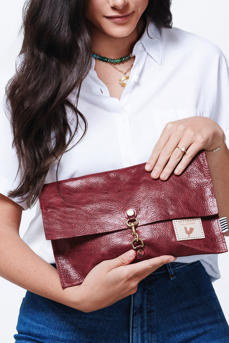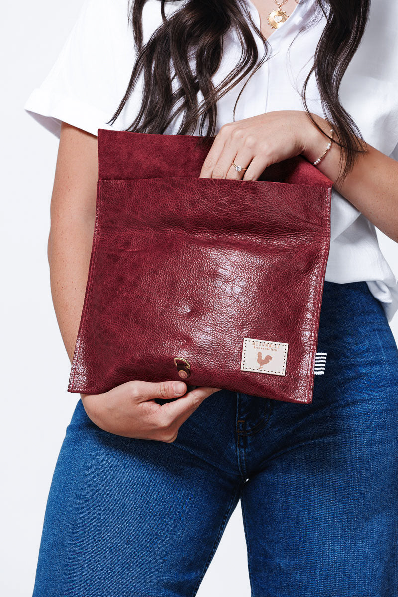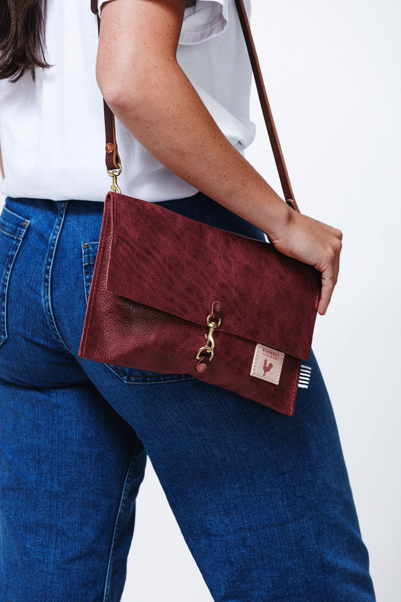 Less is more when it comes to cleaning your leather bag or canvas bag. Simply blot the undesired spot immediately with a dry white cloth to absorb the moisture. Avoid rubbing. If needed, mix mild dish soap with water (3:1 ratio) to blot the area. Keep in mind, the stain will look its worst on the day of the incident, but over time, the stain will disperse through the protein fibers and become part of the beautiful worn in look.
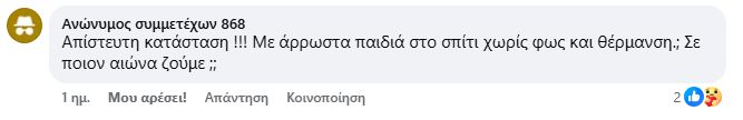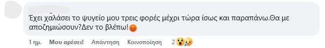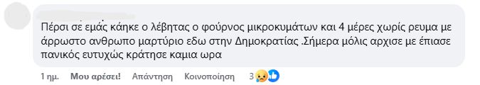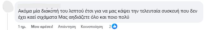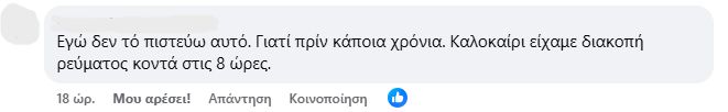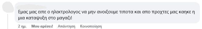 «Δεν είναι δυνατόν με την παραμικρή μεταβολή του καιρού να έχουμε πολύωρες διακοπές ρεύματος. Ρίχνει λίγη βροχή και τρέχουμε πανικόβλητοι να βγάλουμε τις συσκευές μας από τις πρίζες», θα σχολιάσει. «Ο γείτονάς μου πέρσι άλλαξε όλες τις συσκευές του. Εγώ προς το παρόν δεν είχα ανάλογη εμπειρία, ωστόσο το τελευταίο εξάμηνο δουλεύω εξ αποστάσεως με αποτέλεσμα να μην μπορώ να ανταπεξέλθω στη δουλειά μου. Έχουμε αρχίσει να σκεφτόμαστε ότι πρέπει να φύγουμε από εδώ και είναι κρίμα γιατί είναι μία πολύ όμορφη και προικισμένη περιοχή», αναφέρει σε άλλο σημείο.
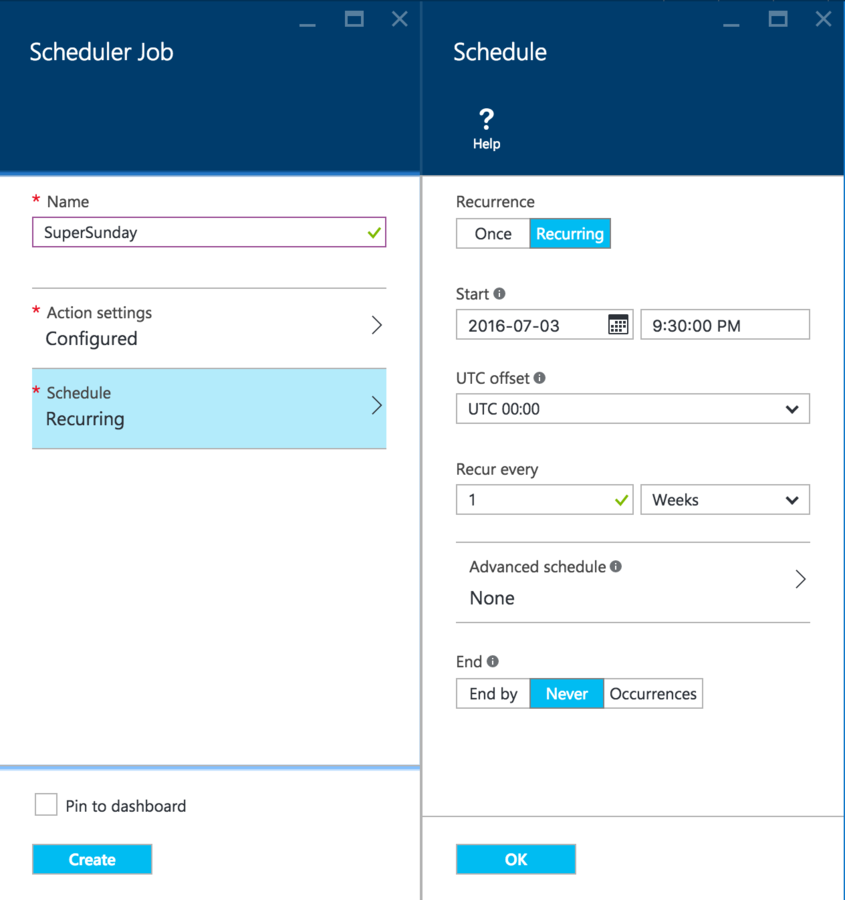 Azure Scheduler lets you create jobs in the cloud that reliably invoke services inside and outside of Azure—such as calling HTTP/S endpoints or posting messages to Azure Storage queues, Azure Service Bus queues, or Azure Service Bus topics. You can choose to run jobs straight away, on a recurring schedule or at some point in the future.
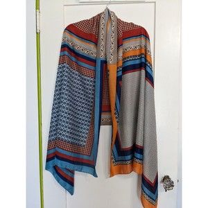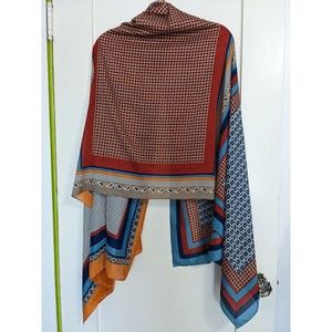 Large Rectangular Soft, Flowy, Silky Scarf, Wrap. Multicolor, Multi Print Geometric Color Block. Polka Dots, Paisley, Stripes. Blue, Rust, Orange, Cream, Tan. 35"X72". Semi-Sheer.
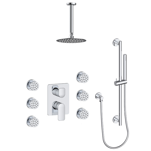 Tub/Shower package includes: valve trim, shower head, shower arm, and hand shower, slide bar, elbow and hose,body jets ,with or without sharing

---+---

◆ Problem to work on ◆
Every line from the one bearing "Azure Scheduler lets" through the end of the data above must be output exactly, and no picture may appear.

◆ Result ◆
 Azure Scheduler lets you create jobs in the cloud that reliably invoke services inside and outside of Azure—such as calling HTTP/S endpoints or posting messages to Azure Storage queues, Azure Service Bus queues, or Azure Service Bus topics. You can choose to run jobs straight away, on a recurring schedule or at some point in the future.
 Large Rectangular Soft, Flowy, Silky Scarf, Wrap. Multicolor, Multi Print Geometric Color Block. Polka Dots, Paisley, Stripes. Blue, Rust, Orange, Cream, Tan. 35"X72". Semi-Sheer.
 Tub/Shower package includes: valve trim, shower head, shower arm, and hand shower, slide bar, elbow and hose,body jets ,with or without sharing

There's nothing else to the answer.